Im Folgenden der Text (in Original-Schreibweise) jenes Briefes, den Otto Muehl (auch: Otto Mühl) am 8. Juni an Daniele Roussel geschrieben hat, und der am heute, Donnerstag, im Leopold Museum verlesen wurde, im vollständigen Wortlaut.

"liebe daniele,

ich glaube, du hast mich vollkommen verstanden, dass ich mich in einigen sachen grundsätzlich geirrt habe. ich habe als künstler und, davon angestachelt, auch als mensch risiko auf mich genommen.

das thema war äusserst empfindlich und schwierig und dadurch habe ich kräftig daneben gegriffen.

plötzlich drehte sich die gesamte idee der kommune um. in den 80er jahren wurden wir so eine riesen-institution, und es wurde daraus ein staat im staat. die durch mich angekurbelte dynamik rutschte mir schließlich aus den händen. ich habe meine wirkung als sogenannter häuptling innerhalb der kommune unterschätzt. ich habe mit 7 jahren gefängnis bezahlt. ich habe es abgesessen.

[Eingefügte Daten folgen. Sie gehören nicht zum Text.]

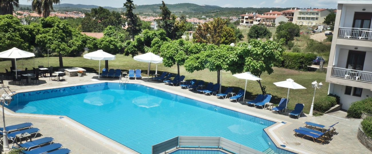 Разположение: Разположен в красивото селилище Никити и на 400 метра от плажа, който е с награда Син флаг за чистота.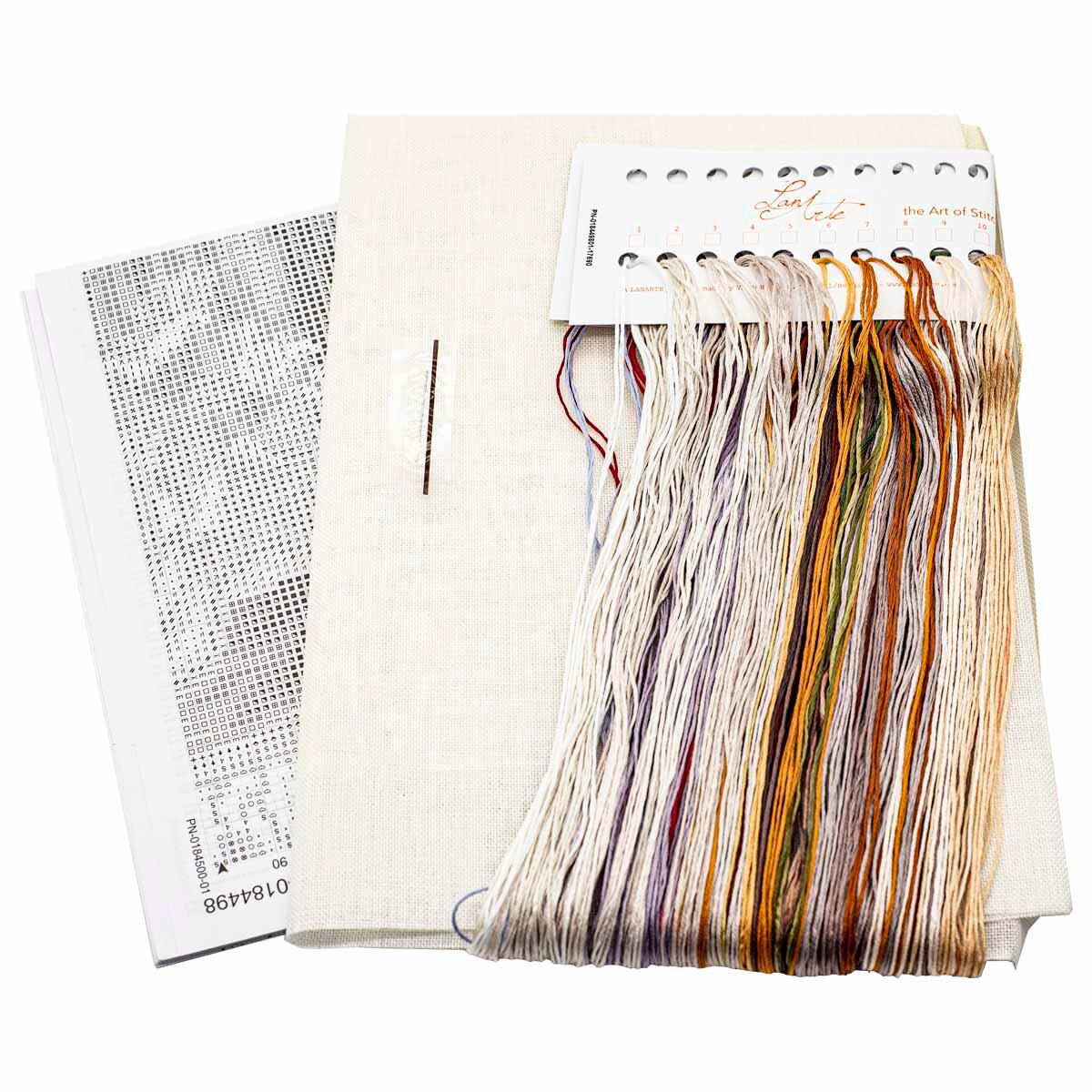В наборе: канва равномерного переплетения Evenweave Zweigart 30 ct (100% лен), хлопковые мулине DMC (36 цветов), разобранное на органайзере, игла, черно-белая символьная схема, инструкция на восьми языках.

dass ich mich öffentlich entschuldige, mache ich heute, weil ich auf keinen fall das gefühl hinterlassen möchte, dass es mich kalt lässt, dass ich menschen verletzt habe und dass sich menschen von mir verletzt gefühlt haben. ich bin auf alle kommunarden sehr gestanden. ich brauchte zeit, um zu verstehen, dass ich durch meine machtposition an den bedürfnissen meiner mitmenschen vorbei agierte, insbesondere an den bedürfnissen der jugend.

die stellungnahme der jugendlichen damals im gerichtssaal machte mich fassungslos. ich wollte sie befreien und habe sie mit sexueller überschreitung stattdessen überrumpelt und gekränkt. es war auf keinen fall meine absicht. ich hoffe, dass sie mir verzeihen.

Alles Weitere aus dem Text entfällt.